The expanded password system that accepts images in addition to characters can be viewed as an enhanced

successor to characters-only password systems on its own when we make sure that confidentiality is not lost

in view of the attacks like shoulder surfing and social engineering. Such EPS can be easily practiced by the

IT-illiterate elderly at one end, the soldiers caught in panic on the battleground at the other and a number of

businesspeople who need to cope with dozens of accounts each requiring unique passwords in the middle.

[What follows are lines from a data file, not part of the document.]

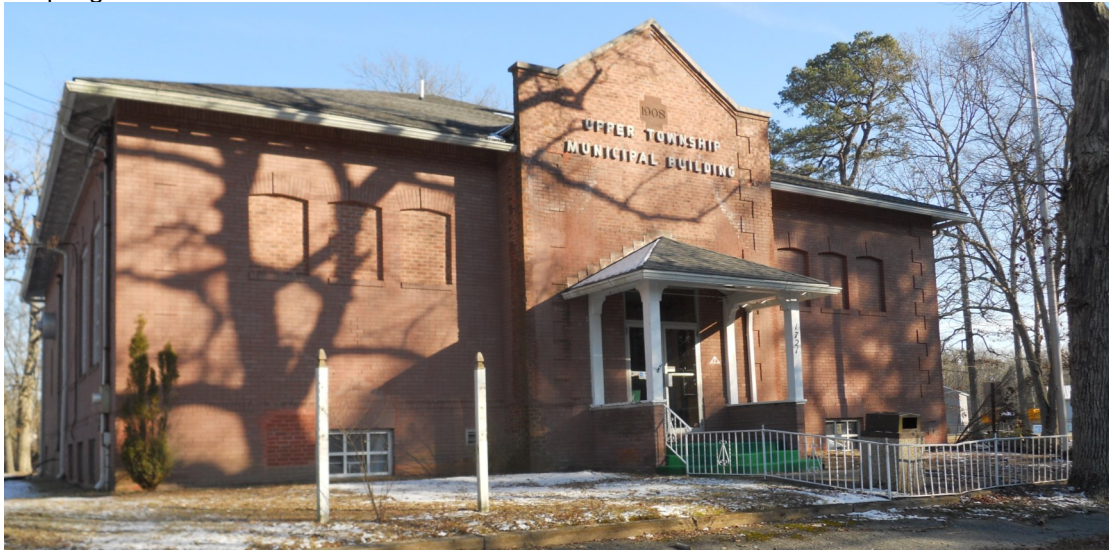
Old Twp. Hall in Tuckahoe, the proposed site of the History Museum for the Township of Upper
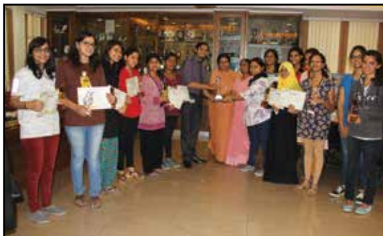
Science Fest, Jain University
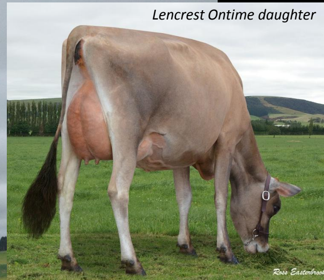
Lencrest Ontime daughter
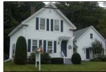
Contoocook Valley Insurance Antrim Office

Bellows-Nichols Agency is acquiring the Contoocook Valley Insurance Agency in Antrim as of May 1.
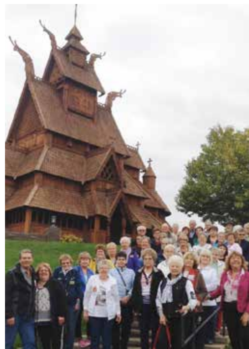
Scandanavian Heritage Park.
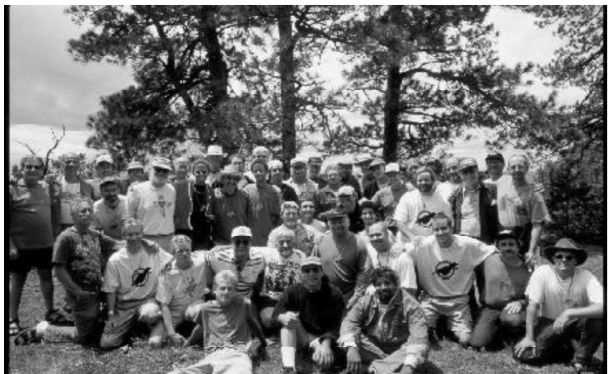
The group photo for the Men's Wellness Summer Gathering, 1999
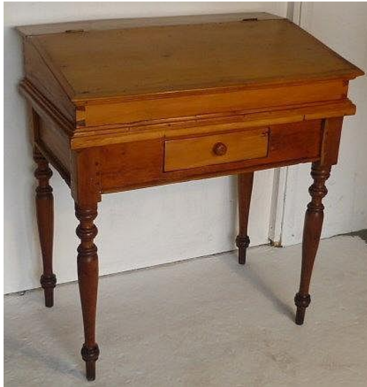
Yellow wood bible desk from a private collection in SA/UK, ex Gallery 101, Johannesburg (Auctioned by Barnes, 8 th February, 2014, Lot 52)

"Cape Antique Furniture" (van Onselen, Lennox) (Howard Timmins (1959)
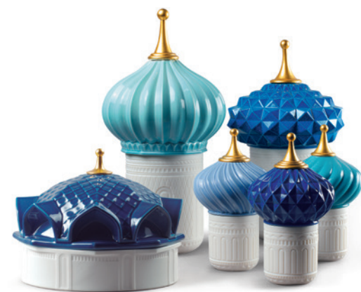
Also available in Blue Fragrance ■ Unbreakable Spirit

LLadró invites you to an exotic journey in a collection of diffusers and scented candles inspired by the fascinating and mysterious Orient. The vases in the 1001 Lights Collection are entirely made in porcelain and their evoking shapes and colors are perfect for relaxing and enjoying your private moments. Once the wax or the liquid is consumed, they can be used as functional objects with an attractive design that look nice grouped together.
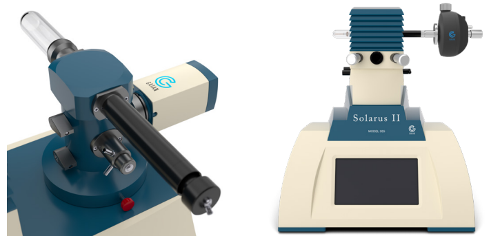
Figure 3. The image shows a single pumping station module installed on the Solarus II system (left) as well as with the Elsa™ holder connected (right).
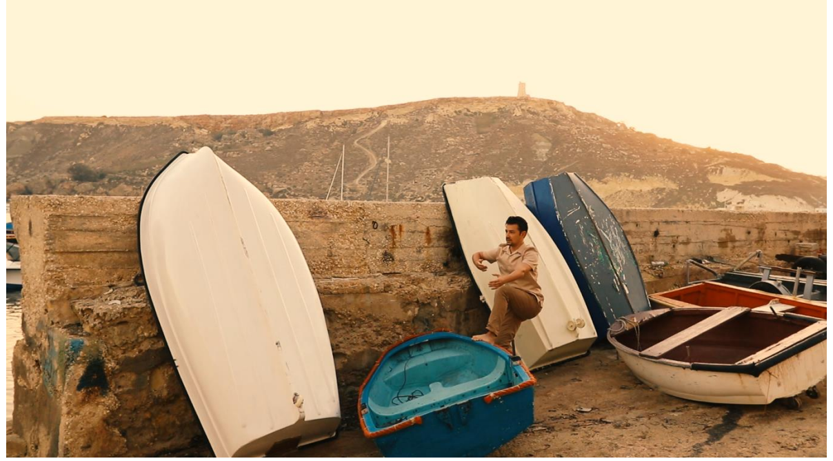
Figure 6. The beach. The dancer dialogues with empty and dismissed fishers' boats and tries to step into them even though he cannot climb over their edge. This a metaphor for all those who perished in the Mediterranean Sea, trying to escape from their home country. The Sea is history and gathers the bodies of those who did not survive from the crossing.
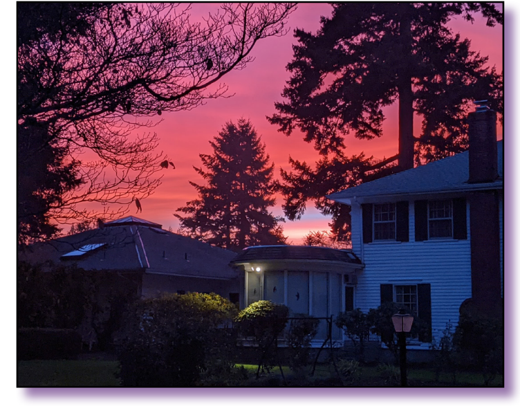
Sunset at the BSRC
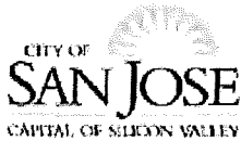
EXHIBIT "A" (File Nos. C15-054; SP16-053; V17-004)
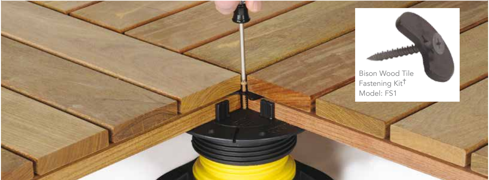
Bison Wood Tile Fastening Kit† Model: FS1
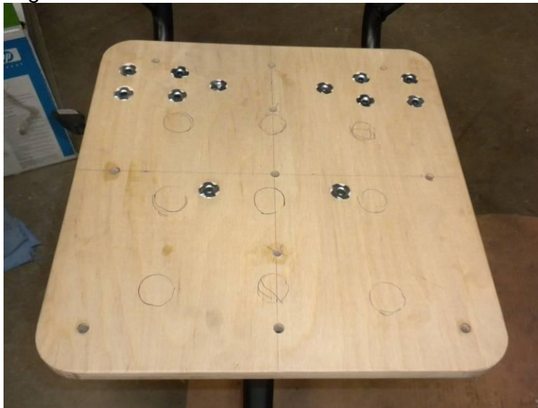
Figure 6 – Mounting board with attached back and base.
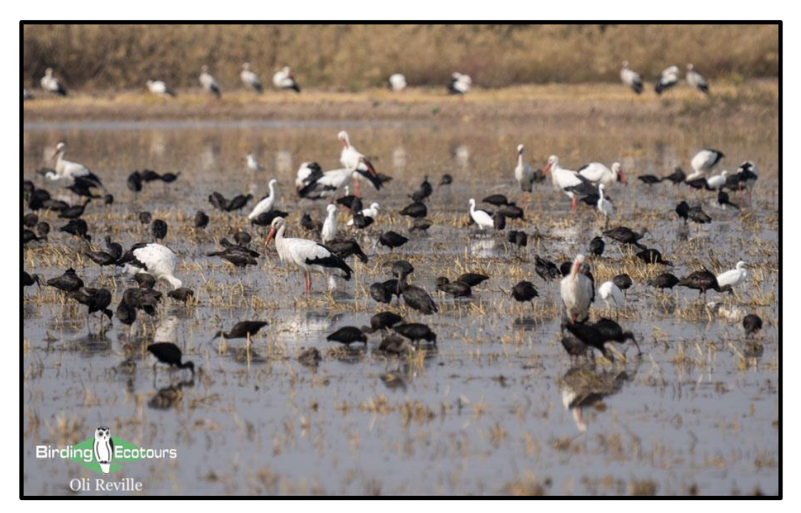
The Tagus Estuary is packed full of waterbirds!

Eagle, Long-eared Owl, White-winged Tern, Savi's Warbler, Dartford Warbler, Iberian Magpie, Calandra Lark, European Stonechat, Eurasian Penduline Tit, Short-toed Treecreeper, Spotless Starling, Common Waxbill, and so much more.
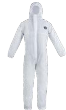
BODY PROTECTION PROGUARD 100 DISPOSABLE COVERALL
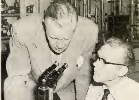
David Brian: Mr. D.A. seeks expert advice.

At this late stage, it would take a minor revolution to produce a revolutionary new crime show for TV. Thus, Mr. D.A. won't win any awards for originality. But thanks to some good writing, a fine star in the person of David Brian and excellent telefilm production and direction, the show can hold its own in any present TV company. It's straight fiction, but occasionally it captures a documentary flavor that builds extra excitement into the scripts. Other shows have re-
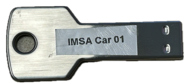
Figure 2: Ford Performance USB Drive.

The file should be copied to a USB thumb drive supplied by Ford Performance (FP) with the car door number clearly written on it and shared with FP engineering support after each required session.
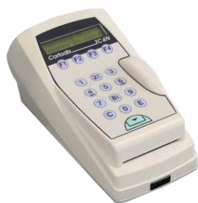
TC4N/TC11N/TCRS magnetic card readers

Furthermore, the expanded password system (EPS) will enable us to see truly powerful multi-factor

authentications with a strong unique password being used as one of the factors for all different accounts,

whether indoor or outdoor. The EPS would also enable us to see the decentralized ID federations with a

strong unique password being used as the master-password for each of single-sign-on services and password

management tools. With the EPS used for fallback-passwords, biometric solutions could offer good

convenience without much sacrificing the confidentiality. The outcome will be the most highly assured

identity achieved through the most reliable “shared secrets”.

That the users can retain the textual passwords as before while they expand their password memory to

include the non-textual passwords without being impeded by the cognitive effect of “interference of memory”

means that it is extremely difficult to imagine such users who suffer disadvantage or inconvenience by

taking up the EPS

Humans are generally thousands times better at dealing with image memories than character memories -.

The former has the history of hundreds of millions of years while the latter’s history is less than a fraction of

it. However mathematically strong a high-entropy character password may appear, it is a pie in the sky if it

is impracticable. Now that CPUs are fast enough, bandwidths broad enough, memory storages cheap

enough and superb cameras built in most of the mobile devices, I wonder what merits we have for reliable

identity assurance in sticking to confining ourselves in the narrow corridor of character memories.